1. Securing Systems and Attached Devices in Oracle Solaris 11.4
  2. Protecting Oracle Solaris System Integrity
  3. Protecting Against Malware With Security Extensions
  4. Preventing Process Heap Corruption Using adiheap

Preventing Process Heap Corruption Using adiheap

The SPARC M7, SPARC M8, SPARC S7, SPARC T7, and SPARC T8 processors support Application Data Integrity (ADI), a hardware feature that helps prevent software exploitation threats such as linear buffer overflows and stray pointer dereferences.

The adiheap security extension enables ADI usage by the malloc family of functions in the libc and libumem libraries. adiheap provides a reliable defense against linear buffer overflows and a valid mitigation against use-after-free issues. adiheap can also uncover subtle, latent bugs that have not yet affected the binary behavior, but can be triggered by an otherwise innocuous code change.
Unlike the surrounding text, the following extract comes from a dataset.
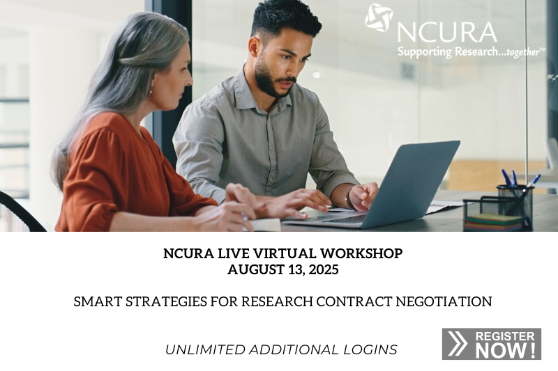Subject: NCURA Live Virtual Workshop! Smart Strategies for Research Contract Negotiation * Unlimited Free Additional Logins!

On systems where ADI is not supported or when adiheap is disabled, malloc memory allocation is unaffected. See the "ADI INTERACTION" section of the malloc(3C) man page.

adiheap is not enabled by default. Applications can enable adiheap through binary tagging, supported by the following linker option: 

-z sx=adiheap[=enable|disable]

The following output indicates that ADI protections are available on your hardware:

$ sxadm status
EXTENSION           STATUS                        FLAGS
adiheap             enabled (tagged-files)        u-c--
adistack            enabled (tagged-files)        u-c--
...

Note:

In the sxadm command, the model=all property value is currently not allowed for adiheap.